Details and recommendations for the implementation

Implementing the assignment requires having a state machine for each connection, which you periodically query and update as the transfer proceeds. Check the connection_state data structure defined in the assignment header.
Find the connection data structure defined in the assignment header. This can be used to keep track of an open connection.
Definitions of other useful macros and data structures can be found in the assignment header.
HTTP responses will have the code 200 for existing files and 404 for not existing files.
- A valid response consists of the HTTP header, containing the related directives, two newlines (\r\n\r\n), followed by the actual content (the file).
- Sample answers can be found in the parser test file or in the provided sample.
- You can use predefined request directives such as Date, Last-Modified, etc.
  - The Content-Length directive must specify the size of the HTTP content (actual data) in bytes.
  - The Connection directive must be initialized to close.
The port on which the web server listens for connections is defined within the assignment header: the AWS_LISTEN_PORT macro.
The root directory relative to which the resources/files are searched is defined within the assignment header as the AWS_DOCUMENT_ROOT macro.

Support Code

HTTP Parser

The clients and server will communicate using the HTTP protocol. For parsing HTTP requests from clients we recommend using this HTTP parser, also available in the assignments' http-parser. You will need to use a callback to get the path to the local resource requested by the client. Find a simplified example of using the parser in the samples directory.
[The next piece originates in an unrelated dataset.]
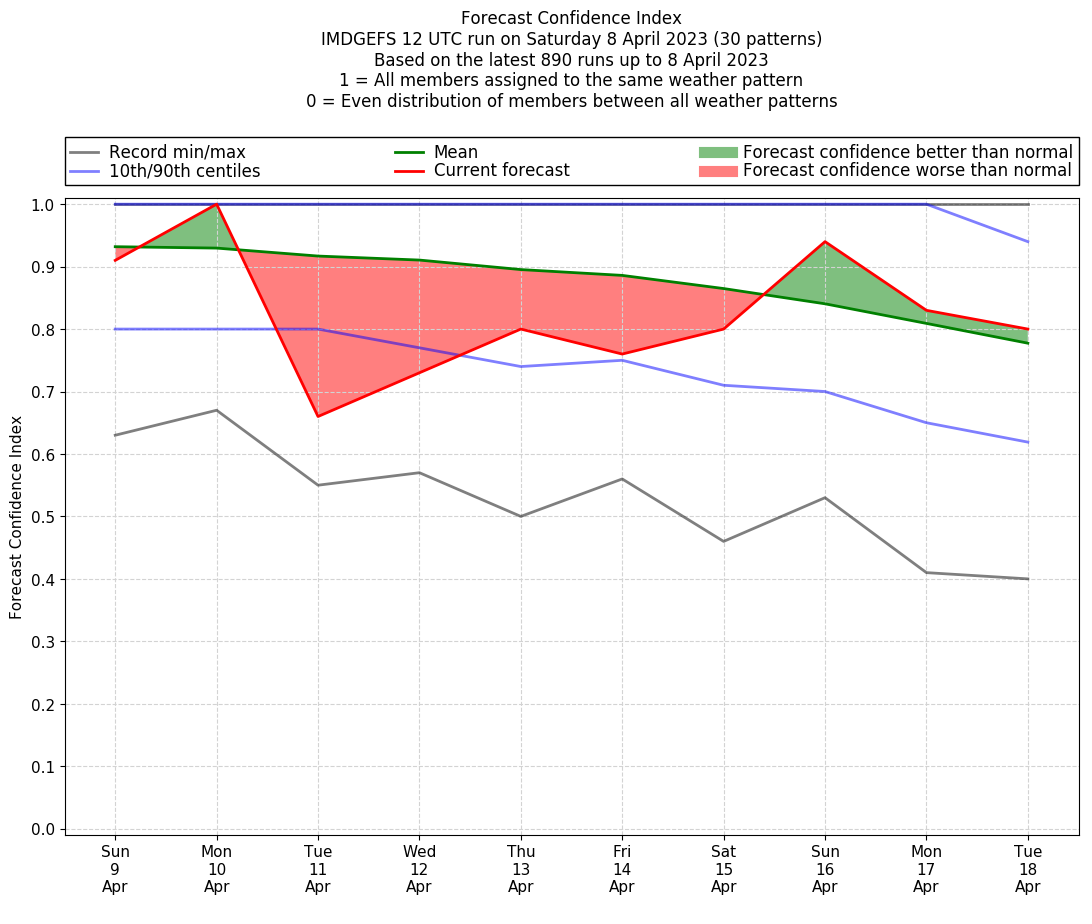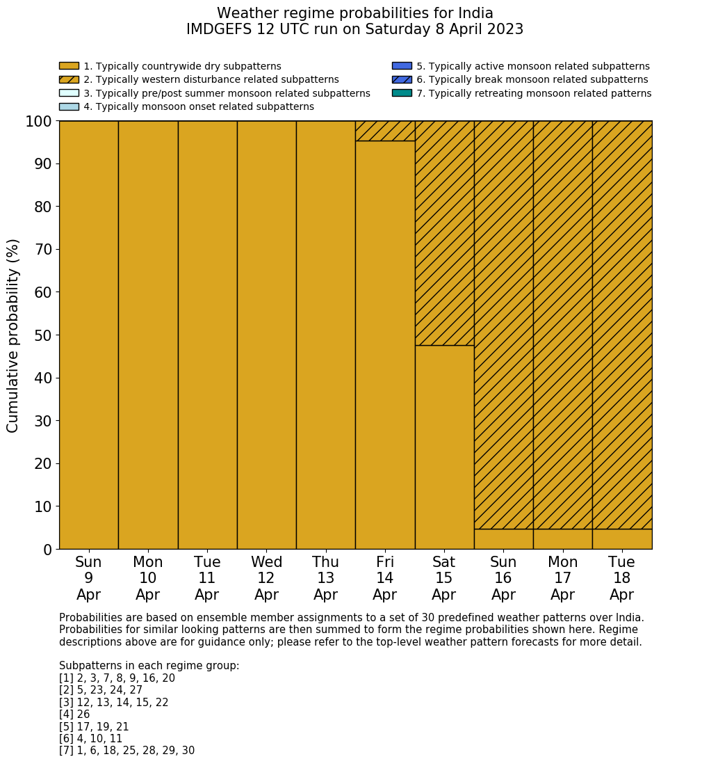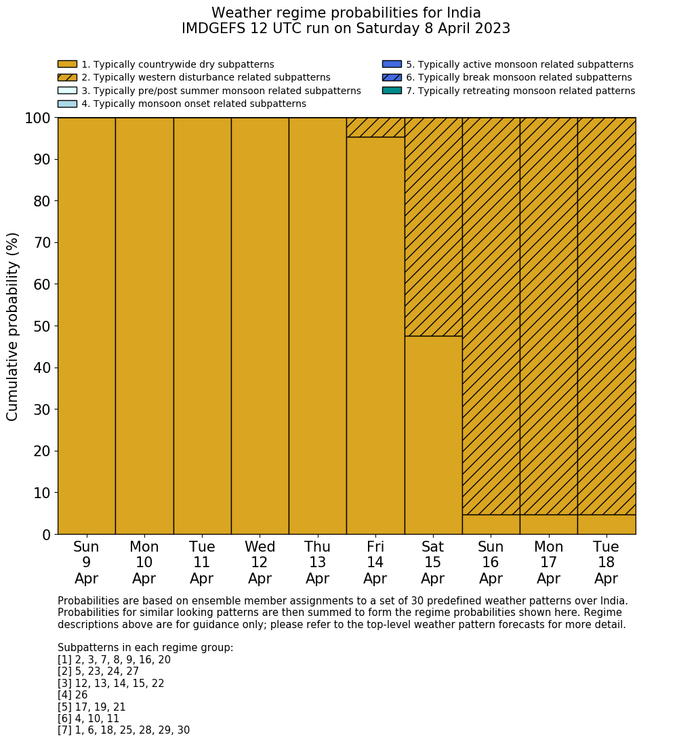 | Weather patterns typically associated with contrywide dry period tendencies over India are most likely Weather patterns 2, 3, 7, 8, 9, 16 and 20 (countrywide winter dry period) | |

API and Implementation Tasks

The skel/aws.c file contains the code skelethon with several functions that have to be implemented. Follow the TODO areas in the file to start your implementation.

It can be reorganized as desired, as long as all the requirements of the assignment are implemented.

Testing and Grading

The testing is automated. Tests are located in the tests/ directory.

To test your implementation, do the following steps:

Run the make command inside the skel/ directory and make sure it compiles with no errors and that the aws executable is generated.
Run the make check command in the tests/ directory.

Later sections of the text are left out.